Segment Open

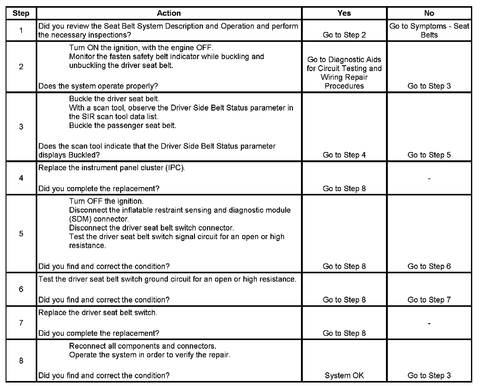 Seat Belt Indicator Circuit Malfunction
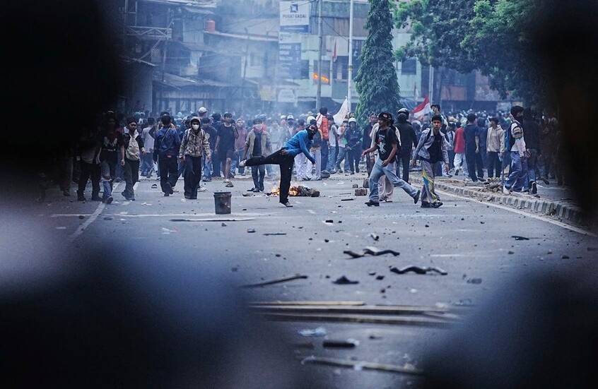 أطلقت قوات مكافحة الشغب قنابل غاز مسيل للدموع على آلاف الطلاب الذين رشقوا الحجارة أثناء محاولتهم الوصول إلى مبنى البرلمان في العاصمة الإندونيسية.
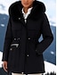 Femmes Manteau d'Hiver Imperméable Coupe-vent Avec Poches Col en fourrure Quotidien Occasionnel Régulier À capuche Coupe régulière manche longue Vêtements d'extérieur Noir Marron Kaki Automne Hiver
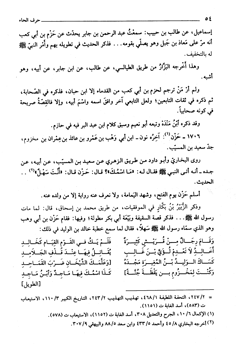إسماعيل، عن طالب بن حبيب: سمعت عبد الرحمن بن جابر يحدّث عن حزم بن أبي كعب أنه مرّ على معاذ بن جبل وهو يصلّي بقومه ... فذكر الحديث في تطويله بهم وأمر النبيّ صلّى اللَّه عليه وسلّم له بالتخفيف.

Segment Closed

▶ [What is being asked]
Nothing but the lines from the one holding "أطلقت قوات مكافحة" through the last line of the listing should appear in the answer, copied exactly and without pictures.

▶ [Solution]
 أطلقت قوات مكافحة الشغب قنابل غاز مسيل للدموع على آلاف الطلاب الذين رشقوا الحجارة أثناء محاولتهم الوصول إلى مبنى البرلمان في العاصمة الإندونيسية.
 Femmes Manteau d'Hiver Imperméable Coupe-vent Avec Poches Col en fourrure Quotidien Occasionnel Régulier À capuche Coupe régulière manche longue Vêtements d'extérieur Noir Marron Kaki Automne Hiver
إسماعيل، عن طالب بن حبيب: سمعت عبد الرحمن بن جابر يحدّث عن حزم بن أبي كعب أنه مرّ على معاذ بن جبل وهو يصلّي بقومه ... فذكر الحديث في تطويله بهم وأمر النبيّ صلّى اللَّه عليه وسلّم له بالتخفيف.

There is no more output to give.